International Journal of Engineering Research and Development 

e-ISSN: 2278-067X, p-ISSN : 2278-800X, www.ijerd.com 

Volume 5, Issue 2 (December 2012), PP. 88-94 

Data Mining Using Genetic Algorithm (DMUGA) 

Pramod Vishwakarma 1 , Yogesh Kumar 2 , Rajiv Kumar Nath 3 

12 M. Tech. (CSE), CET Moradabad, MTU Noida, UP India 
3 Dept. of Computer Science, CET Moradabad, UP India. 

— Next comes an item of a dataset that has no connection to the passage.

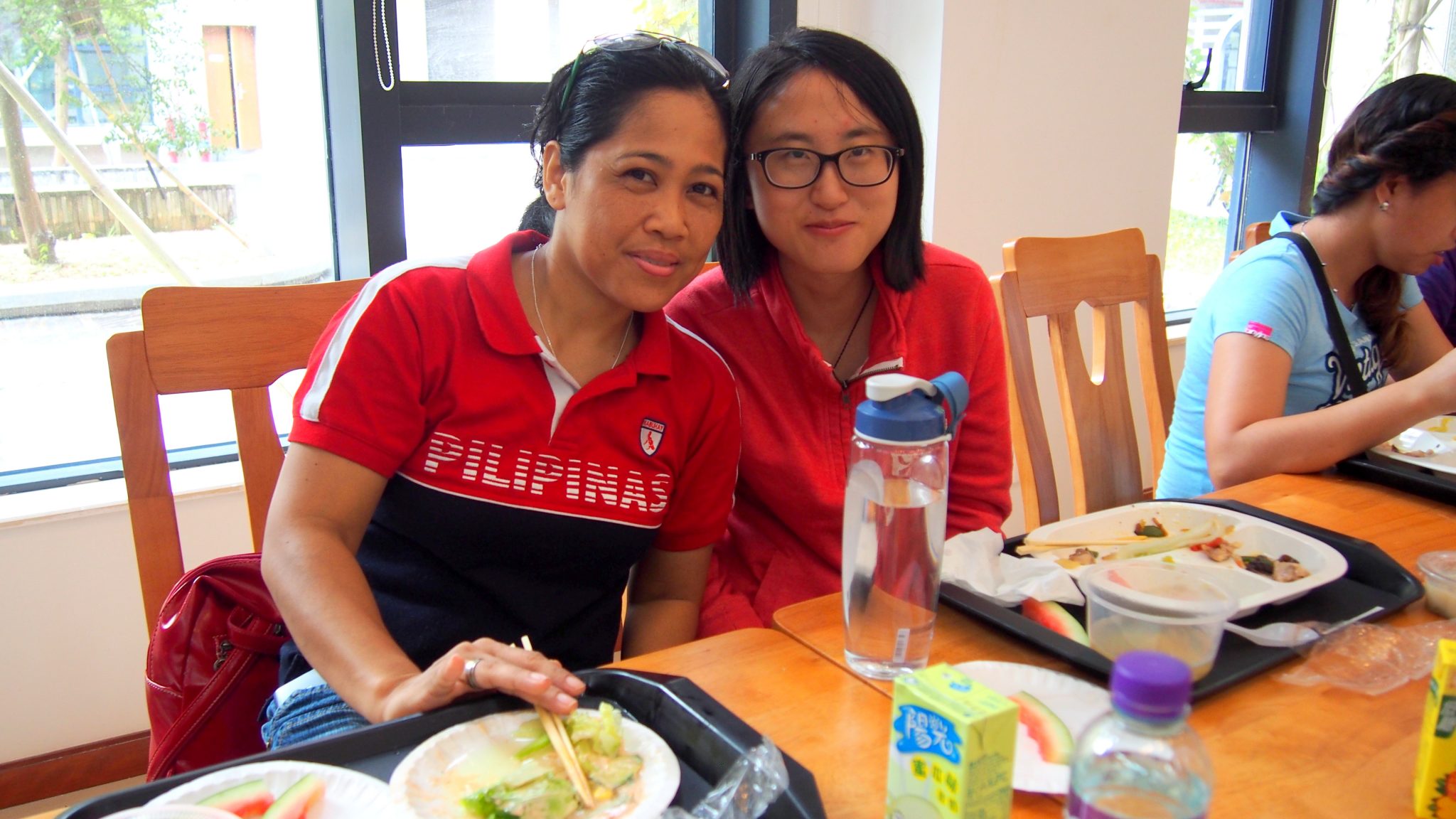 參觀完書院之後,三組訪客與義工們一起在書院的膳堂就餐,並且有三名書院同學進入膳食服務櫃檯內部幫忙,親身體驗廚房工作者工作的辛苦。戴上口罩與頭套的同學們表示心中仿佛多了一份神聖的責任感,在分發飯菜給書院的大小客人們時更是有一種滿足感充斥於心中。吃飯過程中,訪客們與義工聊得興高采烈,相互交流了解對方的基本背景和生活境遇。飯後,義工同學們代表書院向訪客們發送了零食以及印有東亞書院的冰箱貼作為紀念品,更有小黃人大人偶出現與孩子們玩耍。
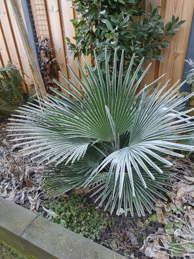 Palmen met rijp erop. Blijft een bijzonder gezicht!

Abstract:- In this paper the Genetic Algorithm has been used to mine the real world dataset in medical domain. 
The growth of information has proceeded at an explosive rate in recent years. The size of data available now is 
beyond the capability of our mind to analyze. Due to the size of the data, it is extremely difficult to draw 
meaningful conclusions about the data. To overcome the above scenario, data mining technology is introduced. In 
fact we are busy with data in most fields and not concerned about hidden patterns. To a certain extent, there are 
not enough qualified human analysts available who are expert at translating all of this data into knowledge and 
find the interesting patterns. Data Mining is a process that starts with data and ends with previously unknown 
patterns and knowledge. The Knowledge Discovery in Databases (KDD) process will be used and on the data 
mining stage the GA is applied in this paper. This series of activities is divided into five steps. The raw data is 
selected and analysed during the steps to reveal patterns and create new knowledge. The KDD will include several 
steps including Selection, Pre-processing, Transformation, Data Mining and Interpretation of pattern.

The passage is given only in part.